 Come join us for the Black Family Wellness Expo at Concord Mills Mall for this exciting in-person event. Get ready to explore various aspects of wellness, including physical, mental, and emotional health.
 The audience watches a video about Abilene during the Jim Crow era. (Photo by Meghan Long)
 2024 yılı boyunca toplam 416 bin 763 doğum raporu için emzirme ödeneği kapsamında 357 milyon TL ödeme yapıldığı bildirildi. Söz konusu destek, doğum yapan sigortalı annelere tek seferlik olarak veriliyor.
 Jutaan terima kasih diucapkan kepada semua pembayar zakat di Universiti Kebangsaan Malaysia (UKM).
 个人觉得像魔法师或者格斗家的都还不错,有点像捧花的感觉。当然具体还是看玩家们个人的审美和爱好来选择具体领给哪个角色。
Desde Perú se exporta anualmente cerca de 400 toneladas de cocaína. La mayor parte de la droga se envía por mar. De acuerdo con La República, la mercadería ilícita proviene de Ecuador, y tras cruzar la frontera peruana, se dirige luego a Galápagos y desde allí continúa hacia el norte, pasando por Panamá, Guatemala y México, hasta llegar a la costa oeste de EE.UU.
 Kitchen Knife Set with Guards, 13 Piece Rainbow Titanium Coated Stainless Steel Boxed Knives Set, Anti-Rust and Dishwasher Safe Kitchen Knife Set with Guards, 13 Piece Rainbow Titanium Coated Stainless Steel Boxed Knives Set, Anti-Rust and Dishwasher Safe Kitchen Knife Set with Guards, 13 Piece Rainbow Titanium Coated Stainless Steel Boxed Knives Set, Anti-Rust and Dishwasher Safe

==

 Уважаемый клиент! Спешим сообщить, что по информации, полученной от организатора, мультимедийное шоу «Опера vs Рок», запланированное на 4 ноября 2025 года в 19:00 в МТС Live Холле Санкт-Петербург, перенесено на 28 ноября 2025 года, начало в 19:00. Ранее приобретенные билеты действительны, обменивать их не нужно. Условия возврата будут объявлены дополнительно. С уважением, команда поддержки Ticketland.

* Your task *
Please transcribe only the lines in the records above running from the line that has "Come join us" through the line that has "个人觉得像魔法师或者格斗家的", both included, exactly as they appear.

* Solution for this task *
 Come join us for the Black Family Wellness Expo at Concord Mills Mall for this exciting in-person event. Get ready to explore various aspects of wellness, including physical, mental, and emotional health.
 The audience watches a video about Abilene during the Jim Crow era. (Photo by Meghan Long)
 2024 yılı boyunca toplam 416 bin 763 doğum raporu için emzirme ödeneği kapsamında 357 milyon TL ödeme yapıldığı bildirildi. Söz konusu destek, doğum yapan sigortalı annelere tek seferlik olarak veriliyor.
 Jutaan terima kasih diucapkan kepada semua pembayar zakat di Universiti Kebangsaan Malaysia (UKM).
 个人觉得像魔法师或者格斗家的都还不错,有点像捧花的感觉。当然具体还是看玩家们个人的审美和爱好来选择具体领给哪个角色。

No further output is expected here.